An der gemeinsamen Front des ideologischen Kampfes engagiert, geben die akademischen Juristen implizit eine heilige Vereinigung innerhalb ihrer Gemeinschaft zu und neigen dazu, die Kontroversen zwischen ihnen zu vernachlässigen, obwohl sie die treibende Kraft ihrer “Wissenschaft” sind, um ihre Angriffe auf die Theorien ihrer feindlichen Kollegen zu konzentrieren. Die Professoren des deutschen Rechts, die im Reich hohes Ansehen genossen, wurden beschuldigt, dem Imperialismus die juristischen Waffen zu liefern, unter Missachtung aller internationalen Konventionen Gewalt zu propagieren und die schlimmsten Gräueltaten zu rechtfertigen, die auf dem Boden der überfallenen Gebiete begangen wurden. Germanische Wissenschaftler wie Savigny, Jhering, Mommsen, Gerber und Laband, die vor dem Konflikt sehr einflussreich waren, wurden verunglimpft und ihre Theorien trotz der Attraktivität, die sie hervorgerufen hatten, einhellig als Instrument der deutschen Barbarei verurteilt. In einer Zeit, in der der Sozialdarwinismus und die Rassentheorie von Spencer und Gobinot in den Köpfen der Intellektuellen noch sehr präsent waren, betonten zahlreiche Reden von Juristen und Rechtshistorikern die Gewalt und den verderbten Charakter der deutschen Mentalität, wie beispielsweise die Vorlesungen von Jacques Flach am Collège de France zwischen 1914 und 1919. Die deutsche Philosophie wird auch von französischen Juristen wie Duguit verunglimpft und bekämpft, der in einem Artikel mit dem Titel Rousseau, Kant und Hegel die Genealogie des Kults der Allmacht des Staates aufzeigt. Der Antigermanismus ist in der Öffentlichkeit so präsent, dass einige französische Juristen, wie zum Beispiel Carré de Malberg, Angriffen ihrer eigenen Kollegen ausgesetzt sind, die in ihren Auffassungen das Zeichen des deutschen Einflusses sehen.

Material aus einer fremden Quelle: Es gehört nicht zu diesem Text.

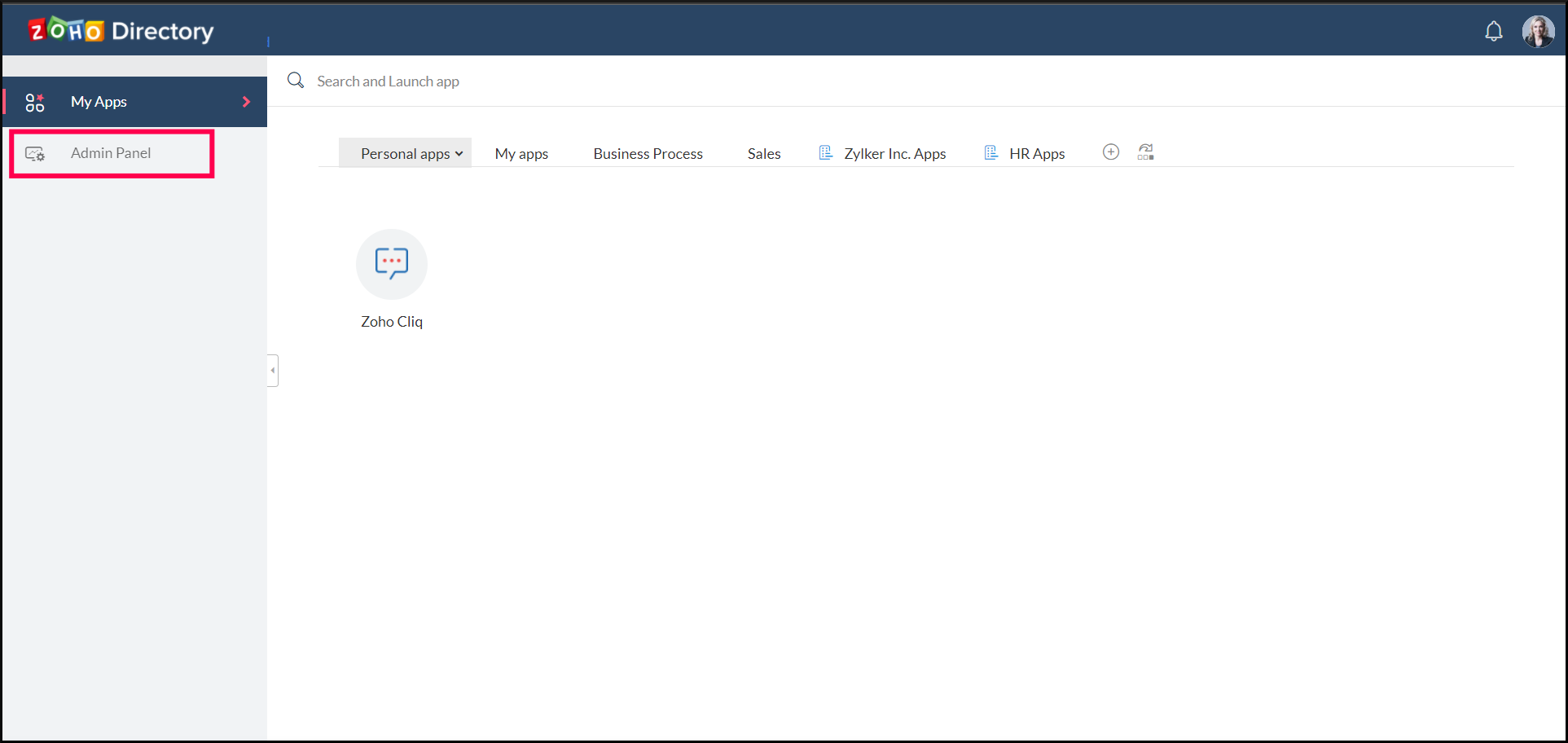 - Zoho Directoryにサインインし、左側のメニューで管理者パネルをクリックします。

Die Brutalisierung der Gesellschaft verändert die Ausübung der Macht radikal, und das Recht leidet unter den Folgen der kriegerischen Totalisierung. Die republikanische Legalität verändert sich unter dem Einfluss des durch den Konflikt hervorgerufenen Ausnahmezustands. Am Rande des verfassungsrechtlichen Rahmens wird ein Kriegsrecht entwickelt, um den Aggressionen der deutschen Armee zu begegnen und den dringenden Bedürfnissen der Zivil- und Militärbevölkerung gerecht zu werden. Die Unvorhersehbarkeit des Krieges zwang Regierung und Parlament in den ersten Monaten des Konflikts dazu, zugunsten einer Militärdiktatur abzudanken.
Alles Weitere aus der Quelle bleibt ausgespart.